(HOW TO COMPLETE THIS TASK)
No pictures go into the copy. Write out exactly the lines below from the one containing "Rumaku Twist Mop" through the one containing "All hinges and".

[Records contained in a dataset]
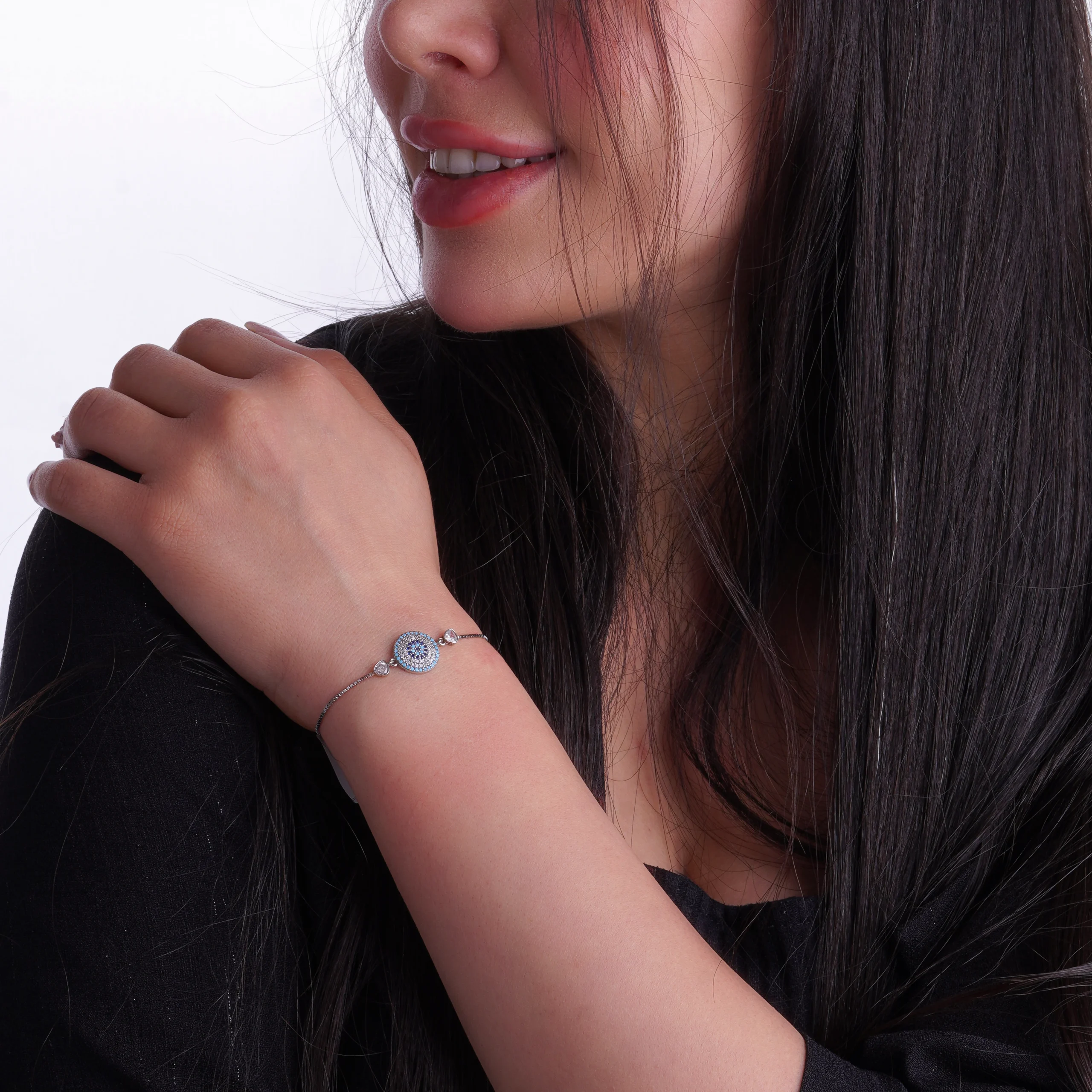 این دستبند از نقره 925 با سنگهای زیرکونیا و رنگهای آبی و سفید طراحی شده است.
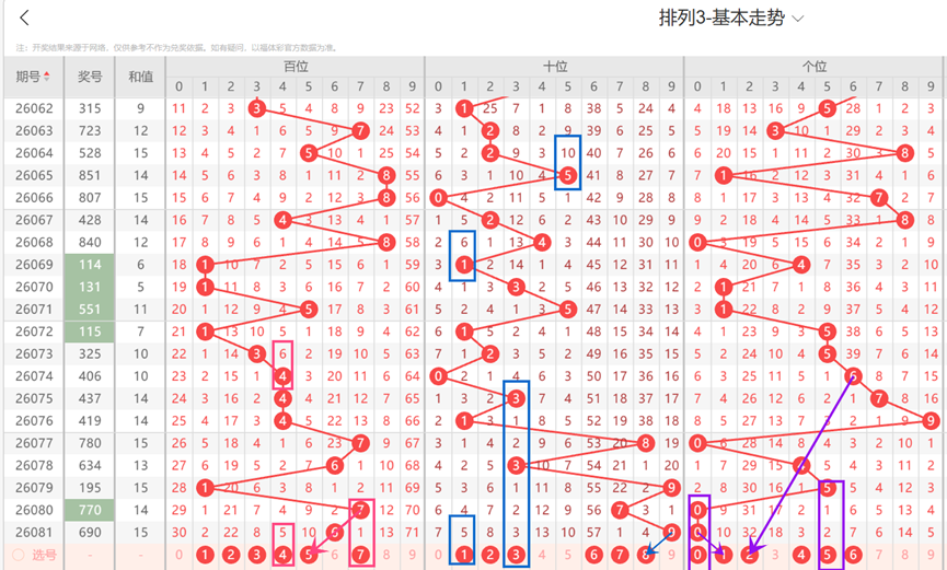 上一期百位开出号码为6,为偶数、大数、合数、0路号码:近10期百位09等号码较少出号,本期百位开出09等号码的可能性小,本期百位选号时应该考虑09以外的号码,结合上述走势图看,本期百位看好123457等号码。
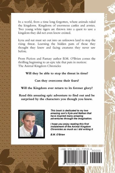 An Epic Adventure that will have young readers hooked page by page. This is the first book in the Animal Kingdom Chronicles series. The stories, characters and adventures are based in a time where animals roamed a Kingdom named Animarian. But these animals were not as we know them today. From a time long forgotten these animals walked and talked like we humans do today. From a medieval setting this book joins the story at the point of two young white tigers that are thrown into a quest and adventure to save a kingdom they did not even realize they lived in and did not know about. They learn many truths about themselves and those around them that they thought they knew. Facing their fears, confronting new unexpected challenges and succeeding against all odds are just some of the elements they must face.
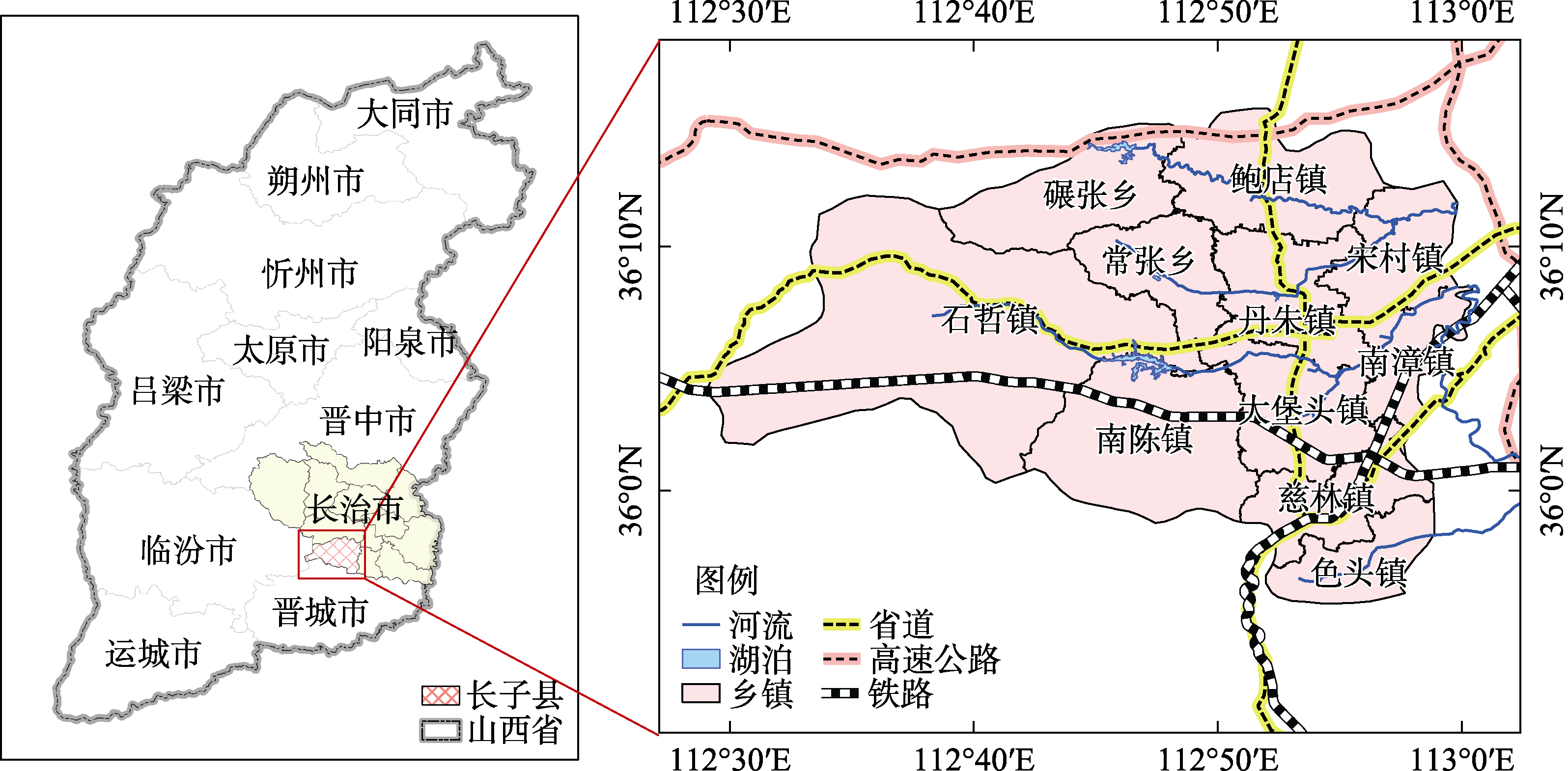 案例区为山西省长治市长子县全境(图1),位于北纬35°53′–36°15′、东经112°27′– 113°00′之间。全县总面积1,029 km2,常住人口29.87万[1],下辖丹朱、鲍店、石哲、南陈、大堡头、慈林、色头、南漳、宋村9个镇和碾张、常张2个乡。其中,石哲镇、南陈镇、大堡头镇、宋村镇等乡镇大规模种植以大青椒为主的露地和设施蔬菜。境内交通便利,县城距市区约20 km,太焦铁路、瓦日铁路、省道227、省道228、省道326和青兰高速穿境而过,为大青椒运输提供了便利条件。
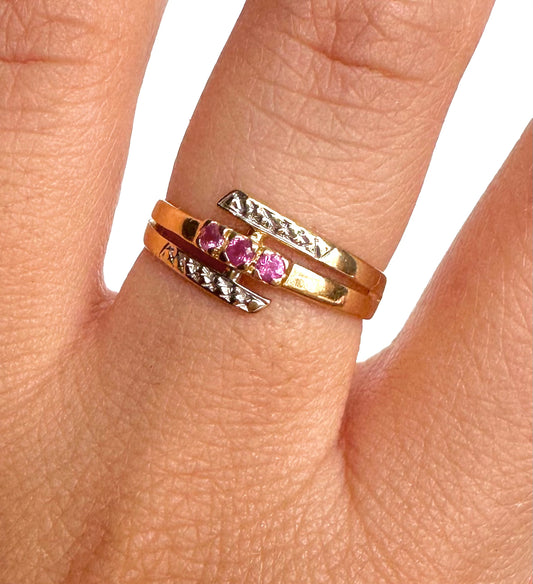 Rosella Spiral – Vintage 18K Gold Ring with 3 Pink Spinels
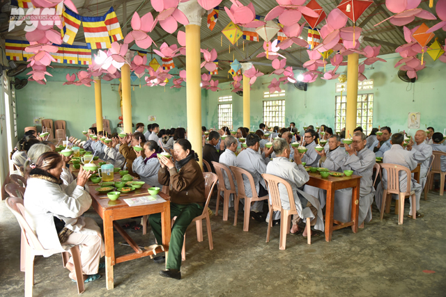 Đúng 11 giờ 00 chư Tôn đức hướng dẫn quý Đạo hữu cử hành thời khoá Quá đường trong sự trang nghiêm chánh niệm. Khóa tu đã khép lại trong niềm hoan hỷ của toàn thể đại chúng.
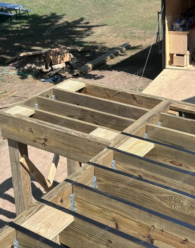 The Millers ติดตั้งสำรับใหม่ในเวลาเพียงสองวันโดยใช้ไฟล์ระบบคลิกล็อคที่ไม่จำเป็นต้องใช้กาวหรือเล็บ การนำกลับมาใช้ใหม่ของ Joists ดั้งเดิมช่วยลดขยะการก่อสร้างและประหยัดค่าใช้จ่ายในการสาธิตมากกว่า $ 1,200
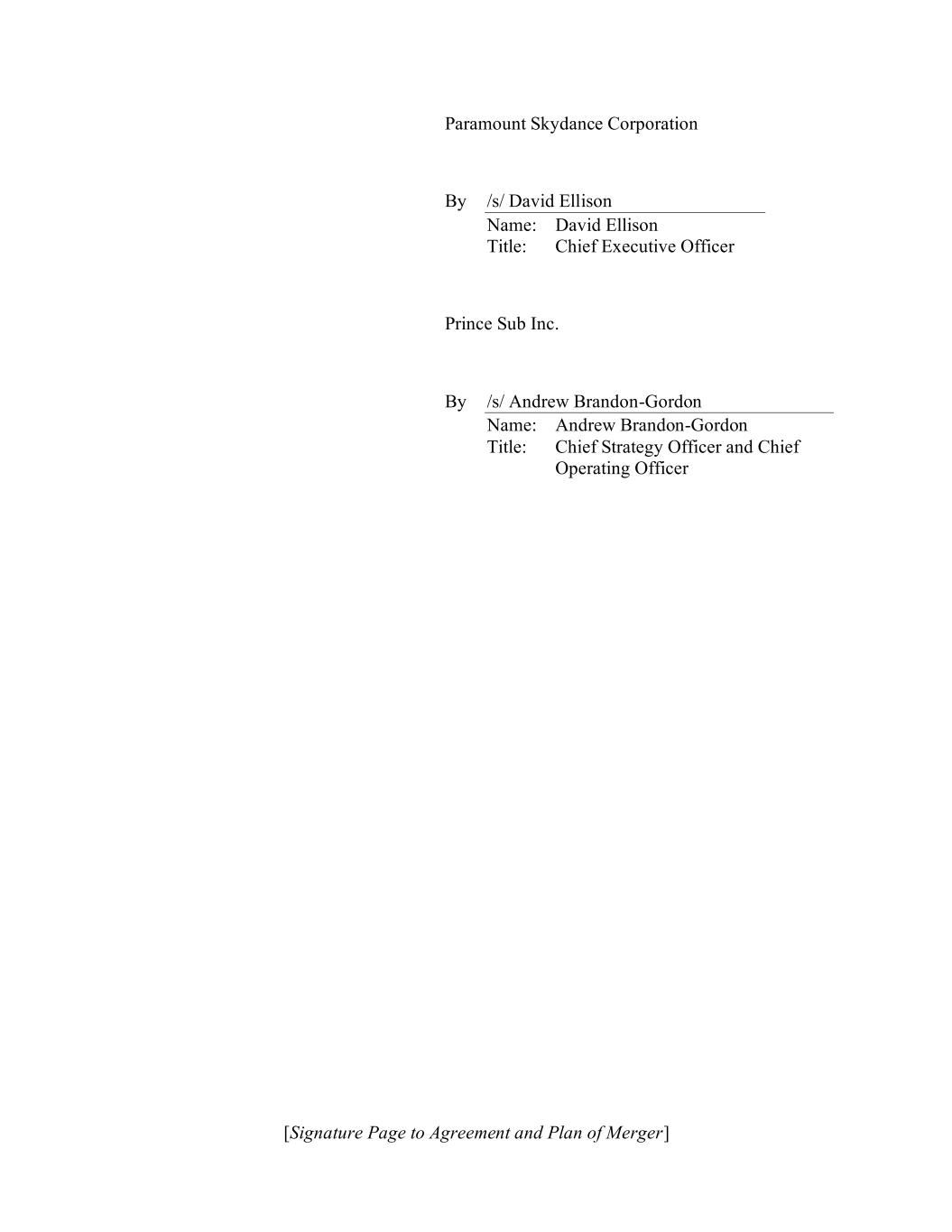 [Signature Page to Agreement and Plan of Merger] Paramount Skydance Corporation By /s/ David Ellison Name: David Ellison Title: Chief Executive Officer Prince Sub Inc. By /s/ Andrew Brandon-Gordon Name: Andrew Brandon-Gordon Title: Chief Strategy Officer and Chief Operating Officer
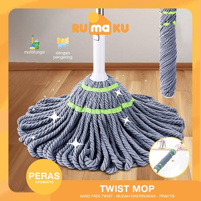 Rumaku Twist Mop Pel Lantai Tarik Peras Otomatis Kain Pel Microfiber Berkualitas Dengan Gagang Besi Anti Karat
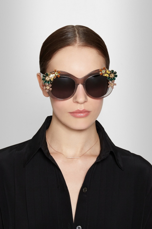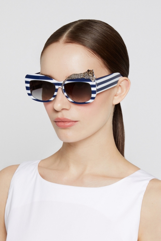 Des plus baroques aux plus contemporaines, nombreuses sont les lunettes de saison à opter pour une sophistication étudiée via des détails fantaisies accentuant le dessin des verres. C'est ainsi que chez Miu Miu et Dolce & Gabbana, les coins externes supérieurs des lunettes se voient particulièrement travaillés. De son côté, Anna-Karin Karlsson n'hésite pas à forcer le trait en posant un léopard affalé sur le côté gauche de ses montures, provoquant ainsi un "haussement de sourcil" artificiel...
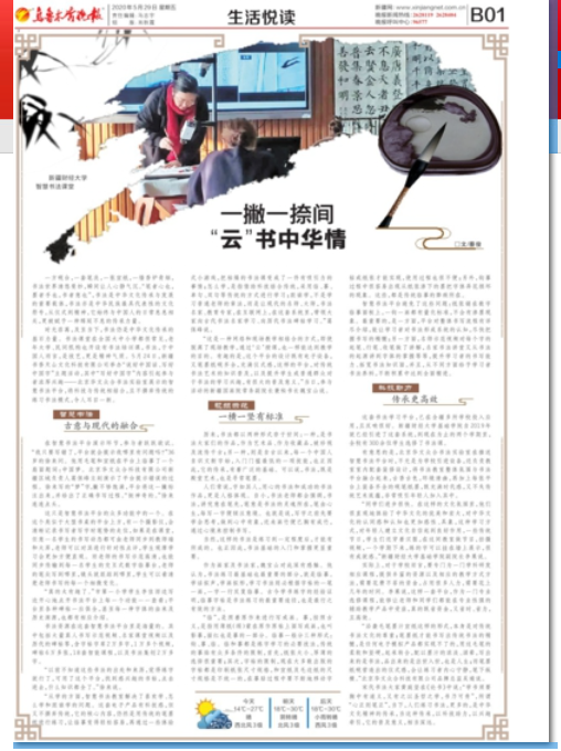 2019年5月29日,《烏魯木齊晚報》對華文眾合智慧書法教室做了一個整版的報道。
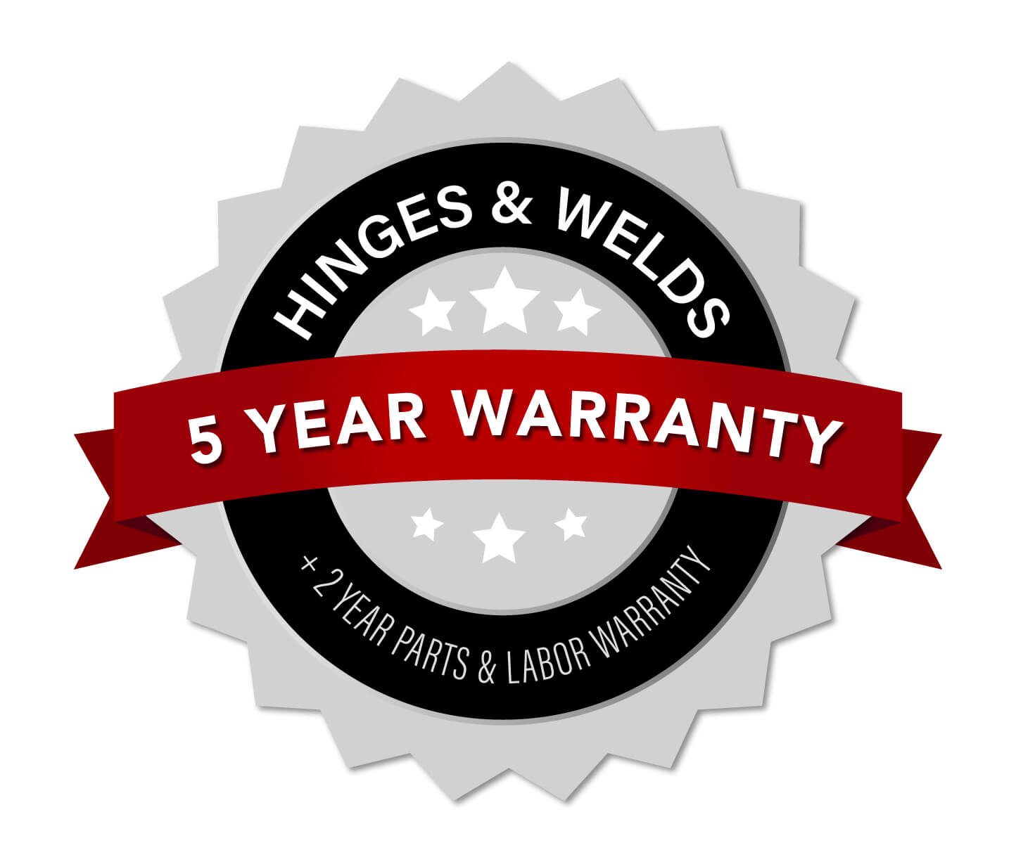 All hinges and welds come with a 5 year warranty, plus a 2 year parts and labor warranty.
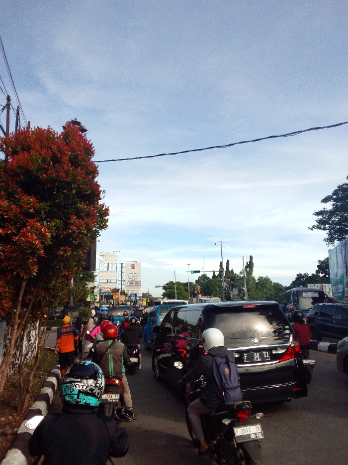 - "The image depicts a congested urban road in Bogor, Indonesia, under a partly cloudy daytime sky" by FM-3DGA03, licensed under CC BY 4.0
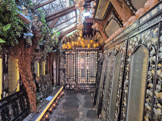 Overwhelming Interior: A unique, luxurious vibe created by ornate traditional mother-of-pearl cabinets and soft, warm lighting.
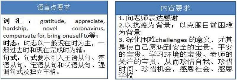 三是在线课程思政,意义深化。为加强学生对本篇课文“战争话题”背后关于“和平、幸福、亲情、珍惜”等意义的深入理解,我在线给学生布置任务,题目要求是:给自己的辅导员或任课教师写一封感谢信,运用课内所学词、短语、句式,注意按照四级作文写作标准。内容要求是:以疫情防控为背景,简述当前形势;感谢事由以学习、生活、做人等方面受到的帮助为切入,运用矛盾对(challenges & benefits)观点;注意规范感谢信内固定表达。在规定时间内,让学生先按照要求与理解构思感谢信的内容架构与写作方向,同时对其进行思想深度上的指导。在此过程中,要求学生能够结合自己专业实际展开,强化对专业的“爱”。
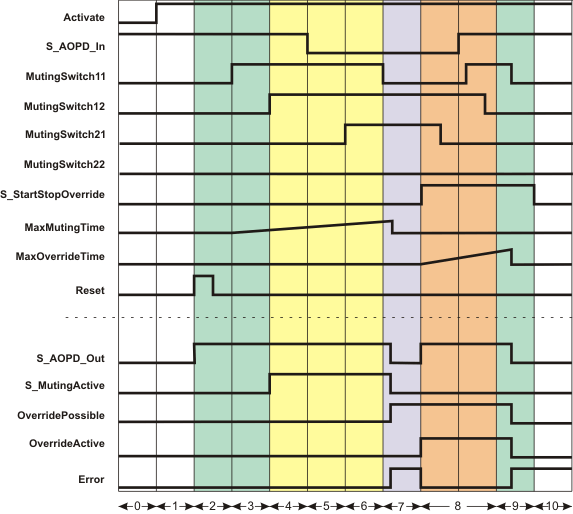 9The override operation is exited automatically, as the object has been removed (all muting sensors are FALSE) and the light grid detects no object anymore (input S_AOPD_In = SAFETRUE).
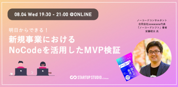 プログラミングを使わないIT開発の支援などを手がけている合同会社NoCodeCamp(本社:東京都稲城市、代表:宮崎 翼)は2021年8月4日(水)、Creww株式会社(本社:東京都渋谷区、代表取締役:伊地知 天)が主催する、顧客に価値を提供できる必要最低限のプロダクトをNoCodeで検証する方法について解説するオンラインイベント「明日から出来る!新規事業における、NoCodeを活用したMVP検証」にて、合同会社NoCodeCampの安藤昭太が特別講師として登壇します。
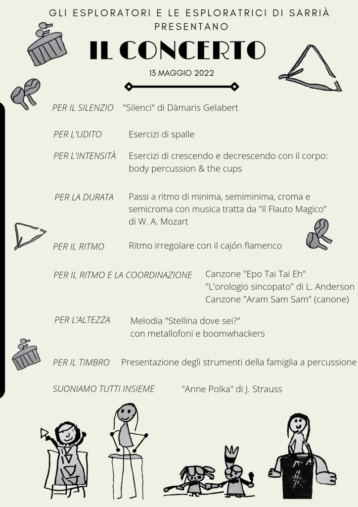 I bambini e le bambine di 5 anni, diretti dalla maestra Maria, hanno organizzato per le famiglie un concerto in cui hanno potuto dimostrare gli apprendimenti raggiunti a conclusione del percorso musicale “Esplorando i suoni”.

(RESPONSE AREA)
 Rumaku Twist Mop Pel Lantai Tarik Peras Otomatis Kain Pel Microfiber Berkualitas Dengan Gagang Besi Anti Karat
 Des plus baroques aux plus contemporaines, nombreuses sont les lunettes de saison à opter pour une sophistication étudiée via des détails fantaisies accentuant le dessin des verres. C'est ainsi que chez Miu Miu et Dolce & Gabbana, les coins externes supérieurs des lunettes se voient particulièrement travaillés. De son côté, Anna-Karin Karlsson n'hésite pas à forcer le trait en posant un léopard affalé sur le côté gauche de ses montures, provoquant ainsi un "haussement de sourcil" artificiel...
 2019年5月29日,《烏魯木齊晚報》對華文眾合智慧書法教室做了一個整版的報道。
 All hinges and welds come with a 5 year warranty, plus a 2 year parts and labor warranty.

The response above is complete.